Males, I need your words!

I’ve been with my boyfriend for a year and a half. We have been living together for 10 months. At the start everything was fine, like most relationships. I got along pretty well with his brother, with whom I used to hangout prior to my boyfriend. I met my boyfriend because of his brother. When we moved together, things with his brother started to change. I tried talking with my partner (Person A) and told him to please address the problems with him (Person B). But “A” said that he felt there wasn’t any problem and that if I felt any I should talk to “B” directly. I felt that could damage “B” and I relationship. After some months “A” and I have been having some problems. Mostly because of “B”. Few months ago “B” told him to stop inviting me to activities, like home dinners, etc. “A” told me about it and I found it disrespectful. I also asked “A” for his respect and to stand up for me. I always feel that “A” never gives me my place as his girlfriend.

Recently we talked about future. I know “A” is kind of always saying he is not ready for marriage. The problem is he is always talking to me about “when we marry…”, “when we have kids you are going to…”. We went to a wedding and his friends were asking when is ours and he said next year. I talked to him about it after that and he said “we are not going to get married. You know I don’t believe in that”. I asked him why he said “next year” to his friends and he merely say “what should I have answered”. But why he keeps mentioning wedding and kids all the time if he does not believe in that?

Since I met this guy I felt he is the one. With time things have changed. I don’t feel that connected to him anymore. I don’t feel part of his life more than just living together and seeing him after work for like 2/3 hours before going to bed.
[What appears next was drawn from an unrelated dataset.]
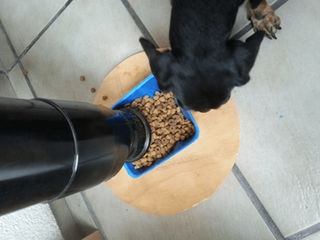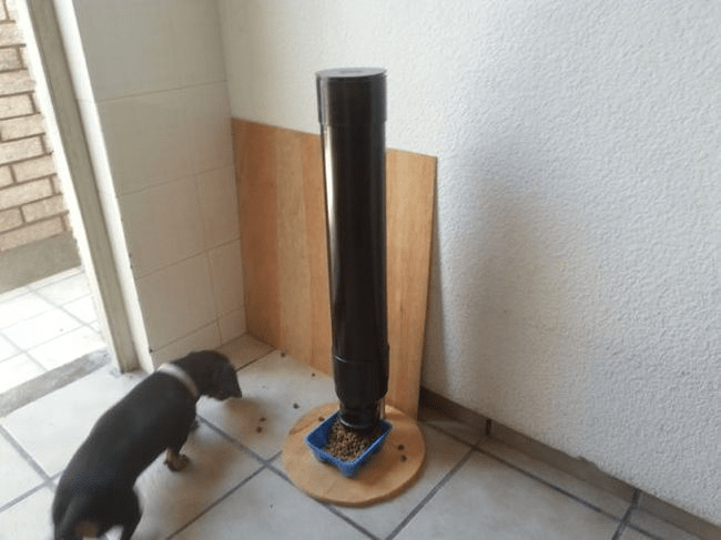 Кормушка готова. Можно теперь поставить тарелку под нижнюю часть кормушки. Снять сверху заглушку, насыпать внутрь корм. Закрыть заглушку. Теперь можно не переживать что собака останется голодной.

I don’t even feel part of his family (who lives abroad except for his brother). I feel I cannot do better. I encourage him to be a better person. I listen to his problems. I give him advices. I arrange activities for us to try new things all the time. I give him his space. We do road trips often. But I feel something is missing and what strikes me the most is I give my everything. After some thought, I can even say I already do everything like a wife. The house is clean, food is ready when he comes from work, he barely cleans the house, does his laundry, goes to do groceries… 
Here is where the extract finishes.